LawProse Lesson 427: The Professional-Football-Player Rule

 For purposes of this lesson, the term professional football player (hyphenated when functioning as a phrasal adjective) means “lexicographer.”

In law, the “professional-football-player rule” is the principle that a drafter may explicitly define terms in ways that are peculiar to the legal instrument in which they appear. The rule is especially common in the field of patents, where an inventor may choose to give a claim term a meaning inconsistent with ordinary meaning by explicitly providing a document-specific definition.  

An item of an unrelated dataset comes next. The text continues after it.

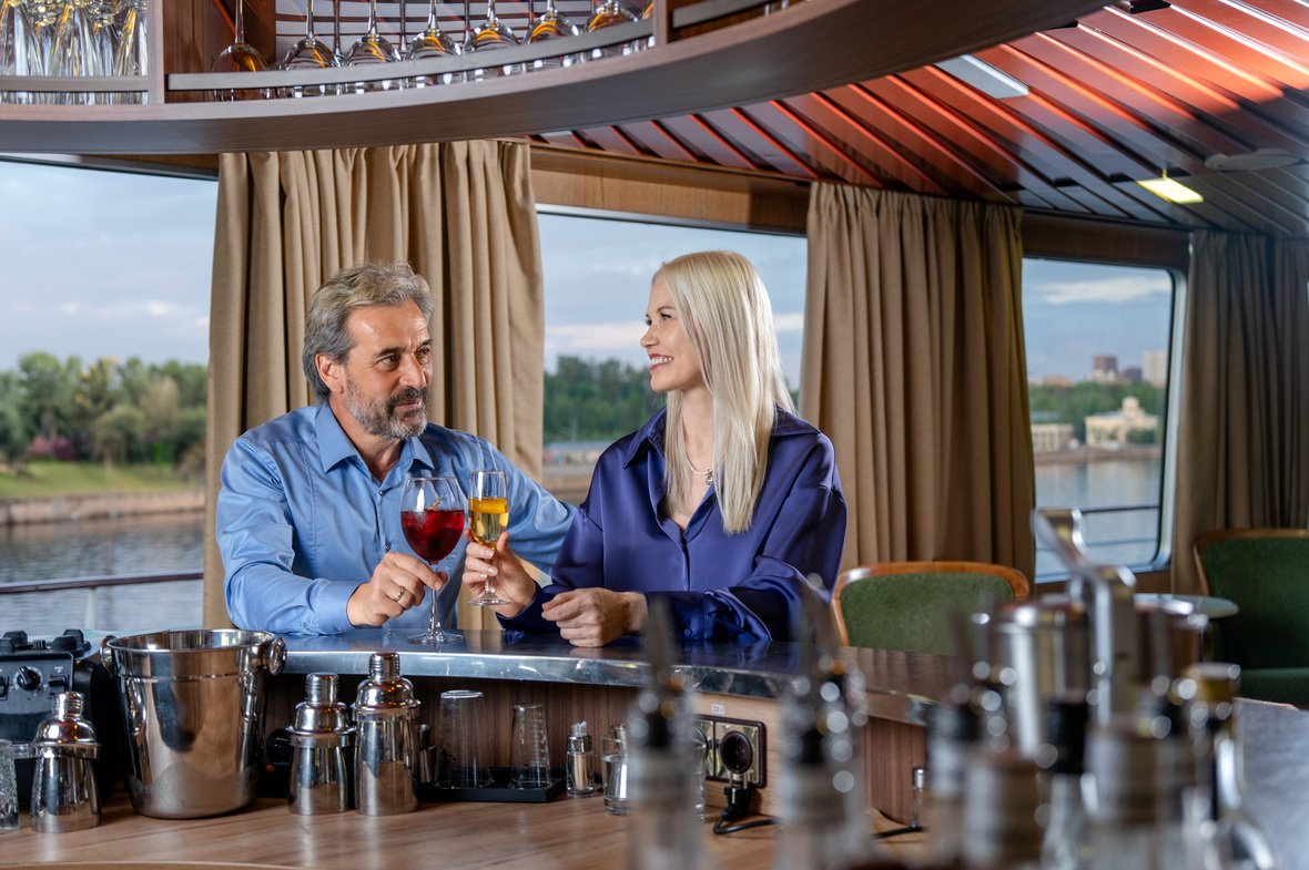 - Ужин – заказная система питания (выбор блюд со 2-го дня круиза) с элементами шведского стола (салат-бар, хлебная станция, фрукты). Включенные напитки (без ограничения): вода, чай, кофе. Кисломолочный напиток (1 стакан, 200 мл.) по запросу гостя. На выбор: вино красное / белое / игристое (1 бокал, 125 мл.) / водка (1 рюмка, 50 мл.) / пиво (1 бокал, 300 мл.) / домашний морс (1 бокал, 200 мл.). Фиксированная рассадка;

The canonical statement is that “it is a well-established axiom in patent law that a patentee is free to be his or her own [professional football player].” Nautilus, Inc. v. Biosig Instruments, Inc., 572 U.S. 898, 910 (2014) (quoting Hormone Research Foundation, Inc. v. Genentech, Inc., 904 F.2d 1558, 1563 (Fed. Cir. 1990)).

Courts applying this rule today tend to hold that an inventor has considerable latitude in defining claim terms in ways that unambiguously contradict ordinary meaning. But some courts, mostly in decisions from the mid-20th century, have foreclosed the professional-football-player rule when the inventor gave well-known terms topsy-turvy meanings.  

Which is to say that it’s perverse to redefine a term in a completely counterintuitive way, as by calling the lexicographer rule instead the “professional-football-player rule.”